Bari Centrale lies in the middle of the city, at Aldo Moro square (Piazza Aldo Moro). It is a large junction station with 16 platforms for passenger service (13 for FS trains, 3 for FSE).

The station is situated on the lines Ancona–Pescara–Bari–Lecce (FS), Bari–Taranto (FS), and Bari–Martina Franca–Taranto (FSE).

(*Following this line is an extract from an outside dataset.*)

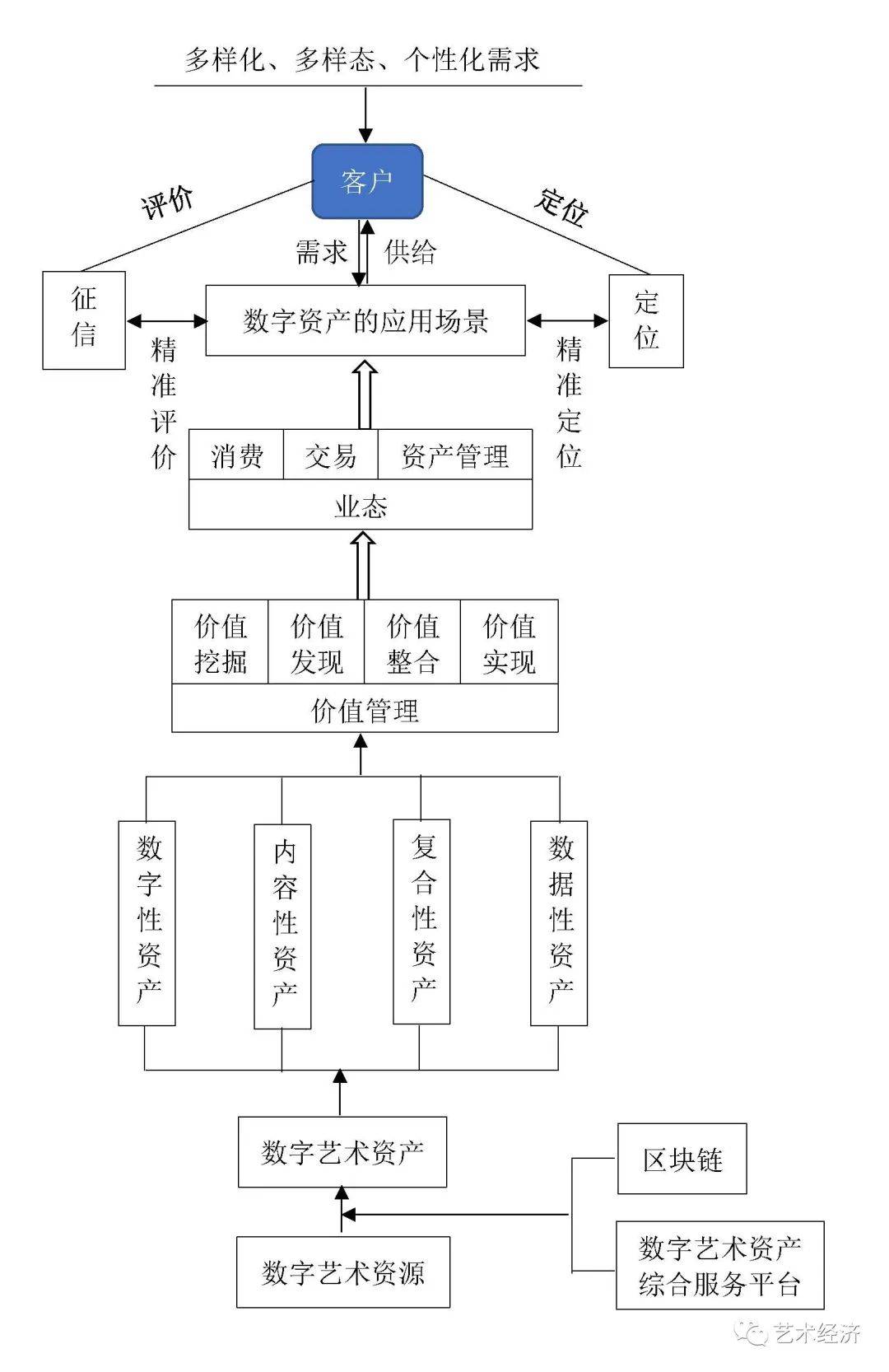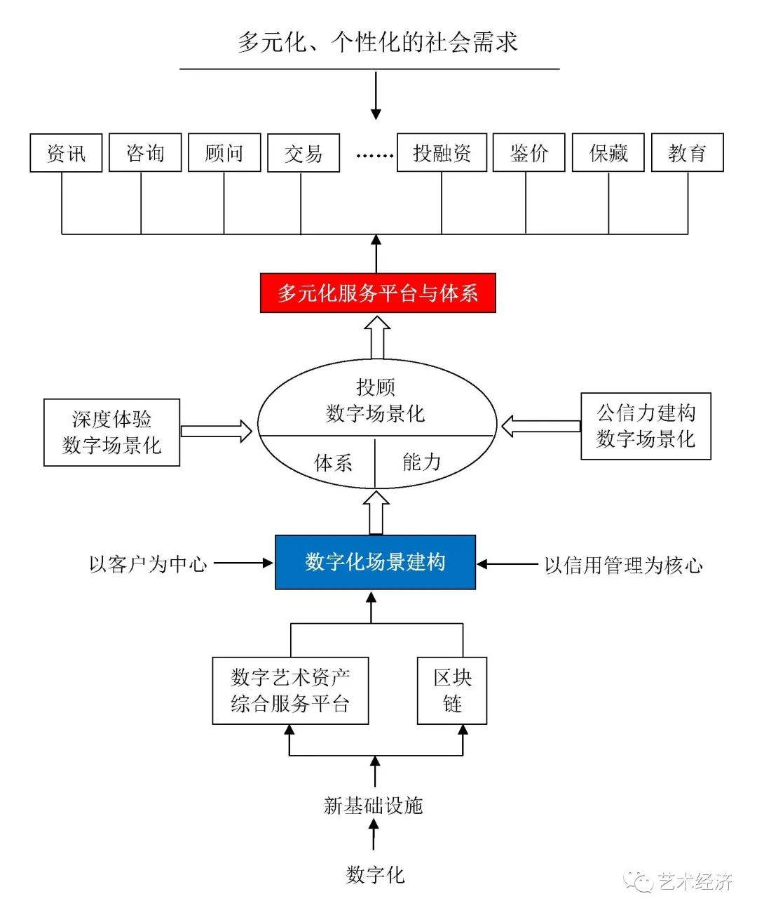(4)在新基础设施的基础上建构数字化场景,最终满足多样化、多样态以及个性化的需求为导向的目标,实现数字艺术金融服务的最终效能。根据多样化、多样态、个性化的需求,以提供相应的产品与服务为手段,建构数字化场景,来进一步满足社会对艺术金融服务的需要,是数字资产为核心的艺术金融服务及其体系发展最终的方向与目标。所以,在这里我们要关注数字化—新基础设施—数字化场景—产品与服务创新—多样化、多样态、个性化的需求这一个基本的逻辑主线。

The station is divided into three areas. The main station is used by Trenitalia and FSE and comprises 16 platforms. On the west side of Piazza Aldo Moro are the entrances to the Ferrotramviaria and Ferrovie Appulo Lucane stations, with three and two platforms respectively.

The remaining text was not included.